According to new data today released by Cybersecurity Insiders, 72 per cent of organisations experienced an increase in endpoint and IoT security incidents in the last year, while 56 per cent anticipate their organisation will likely be compromised due to an endpoint or IoT-originated attack with the next 12 months. The 2020 Endpoint and IoT Zero Trust Security Report sponsored by Pulse Secure and produced by Cybersecurity Insiders, examines the key issues, considerations, initiatives, and investments that enterprises are advancing for more robust Zero Trust endpoint and IoT security.

The comprehensive survey of 325 IT and cybersecurity decision makers in the US, conducted in September 2020, represented a balanced cross-section of organisations from financial services, healthcare and technology to government and energy. Alongside headline data that the majority experienced an endpoint and IoT security incident over the last 12 months, the top 3 issues were related to malware (78 per cent), insecure network and remote access (61 per cent), and compromised credentials (58 per cent). Perhaps more concerning was that over forty percent of respondents (43 per cent) expressed “moderate to unlikely means to discover, identify, and respond to unknown, unmanaged, or insecure devices accessing network and cloud resources.”

“It is clear from this new research that the challenge of securing IoT and end-points has escalated considerably as employees have been forced to work remotely while organisations try to rapidly adapt to the situation,” said Scott Gordon, chief marketing officer at Pulse Secure. “The threat is real and growing. Yet, on a positive note, the survey shows that organisations are investing in key initiatives and adopting zero trust elements such as remote access device posture checking and Network Access Control (NAC) to address some of these issues. “

The research found that 41 per cent will implement or advance on-premise device security enforcement (NAC), 35 per cent will advance their remote access devices posture checking, and 22 per cent will advance their IoT device identification and monitoring capabilities. For those that have been victim of an endpoint or IoT security issue, the most significant negative impact was a reported loss of user (55 per cent) and IT (45 per cent) productivity, followed by system downtime (42 per cent).

Holger Schulze, CEO and Founder of Cybersecurity Insiders added, “The diversity of users, devices, networks, and threats continue to grow as enterprises take advantage of greater workforce mobility, workplace flexibility, and cloud computing opportunities. Not only do organisations need to ensure endpoints are secure and adhering to usage policy, but they must also manage appropriate IoT device access. New Zero Trust security controls can fortify dynamic device discovery, verification, tracking, remediation, and access enforcement.”
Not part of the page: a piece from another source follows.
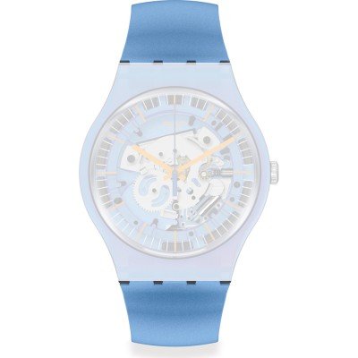 Esta bracelete de relógio Swatch é feita de silicone e está fixada ao relógio através de pinos em aço. A bracelete tem uma largura de 19.7 mm e fecha através de fecho. A bracelete não tem uma montagem a direito, o que significa que esta bracelete só é adequada para os relógios listados abaixo.

The full 2020 Endpoint and IoT Zero Trust Security Report is available for free download by clicking here. Additional key findings include:

  • Respondents rated the biggest endpoint and IoT security challenges as #1 insufficient protection against the latest threats (49 per cent), #2 high complexity of deployment and operations (47 per cent), and #3 inability to enforce endpoint and IoT device access/usage policy (40 per cent).
  • Respondents rated the most critical capabilities required to mitigate endpoint and IoT security as #1 monitoring endpoint or IoT devices for malicious or anomalous activity (54 per cent), #2 blocking or isolating unknown or at-risk endpoint and IoT devices’ network access (51 per cent), and #3 blocking at-risk devices’ access to network or cloud resources (46 per cent).
  • When asked about anticipated investments to secure remote worker access and endpoint security technology, most organisations (61 per cent) anticipate an increase, or significant increase, while few expect a decrease (6 per cent).